STUDY MATERIAL START

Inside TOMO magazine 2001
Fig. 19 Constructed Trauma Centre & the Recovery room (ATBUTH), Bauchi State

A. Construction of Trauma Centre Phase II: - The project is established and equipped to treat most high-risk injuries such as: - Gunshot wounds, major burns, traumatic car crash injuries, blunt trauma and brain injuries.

STUDY MATERIAL END
STUDY MATERIAL START

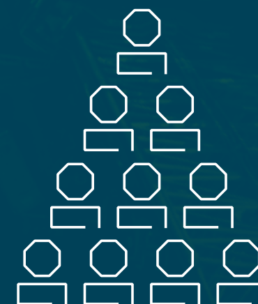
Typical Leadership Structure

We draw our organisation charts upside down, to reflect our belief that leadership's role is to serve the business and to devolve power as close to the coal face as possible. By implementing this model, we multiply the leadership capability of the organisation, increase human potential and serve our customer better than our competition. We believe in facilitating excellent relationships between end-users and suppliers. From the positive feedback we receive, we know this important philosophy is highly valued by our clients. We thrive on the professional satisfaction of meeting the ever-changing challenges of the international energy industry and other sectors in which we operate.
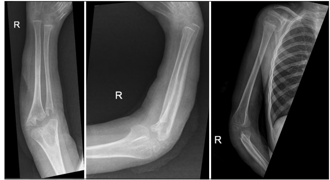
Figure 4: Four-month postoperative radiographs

STUDY MATERIAL END

Look over the records above and filter for each line with the word "Trauma".

◆ FINISHED TASK:
Fig. 19 Constructed Trauma Centre & the Recovery room (ATBUTH), Bauchi State
A. Construction of Trauma Centre Phase II: - The project is established and equipped to treat most high-risk injuries such as: - Gunshot wounds, major burns, traumatic car crash injuries, blunt trauma and brain injuries.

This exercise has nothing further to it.